*** Collected material ***

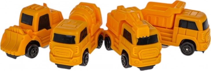 Quatre engins compacts – benne, pelleteuse, bétonnière et bulldozer – parfaitement adaptés aux petites mains et prêts pour chaque mission.
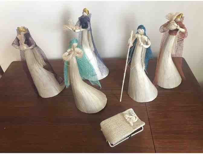 Make the Full of Grace Nativity the centerpiece of your family's holiday traditions, handcrafted from fast-growing sinamay and abaca. This elegant nativity featuring six handcarved figures calls to mind that first Christmas night in natural tones accented by blues, orange, and regal purple. Sinamay is woven from abaca fiber that comes from a non-edible banana tree native to the Phillippines. It is three times stronger than cotton or silk, making it a very durable fiber.
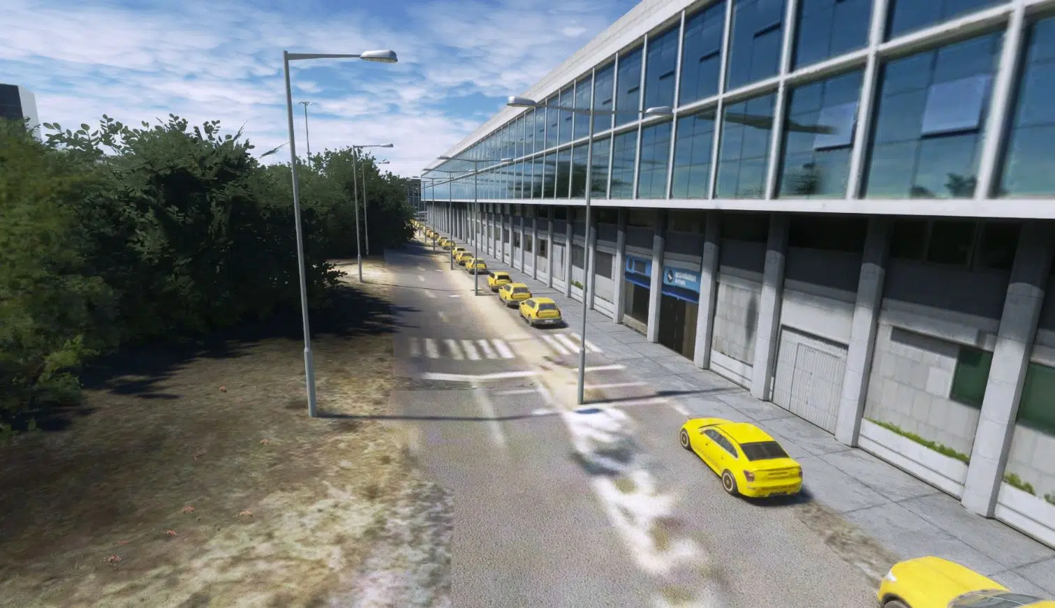 Das wichtigste Bauwerk des Flughafens, auf das mein Auge fiel, war das Passagierterminal. Was mir an dem Terminal auffiel, war der markante Abflugbereich. Es handelt sich um eine lange, glasumzäunte zylindrische Struktur, die die Breite des Terminals überspannt. Der Entwickler hat dieses interessante Merkmal sowohl im Inneren als auch außen akkurat nachgebildet, einschließlich der transparenten Verglasung der Wände und des Dachs.

*** End of Collected material ***

* About this exercise:
Please copy the data shown above word for word, omitting the pictures.

* Your solution:
 Quatre engins compacts – benne, pelleteuse, bétonnière et bulldozer – parfaitement adaptés aux petites mains et prêts pour chaque mission.
 Make the Full of Grace Nativity the centerpiece of your family's holiday traditions, handcrafted from fast-growing sinamay and abaca. This elegant nativity featuring six handcarved figures calls to mind that first Christmas night in natural tones accented by blues, orange, and regal purple. Sinamay is woven from abaca fiber that comes from a non-edible banana tree native to the Phillippines. It is three times stronger than cotton or silk, making it a very durable fiber.
 Das wichtigste Bauwerk des Flughafens, auf das mein Auge fiel, war das Passagierterminal. Was mir an dem Terminal auffiel, war der markante Abflugbereich. Es handelt sich um eine lange, glasumzäunte zylindrische Struktur, die die Breite des Terminals überspannt. Der Entwickler hat dieses interessante Merkmal sowohl im Inneren als auch außen akkurat nachgebildet, einschließlich der transparenten Verglasung der Wände und des Dachs.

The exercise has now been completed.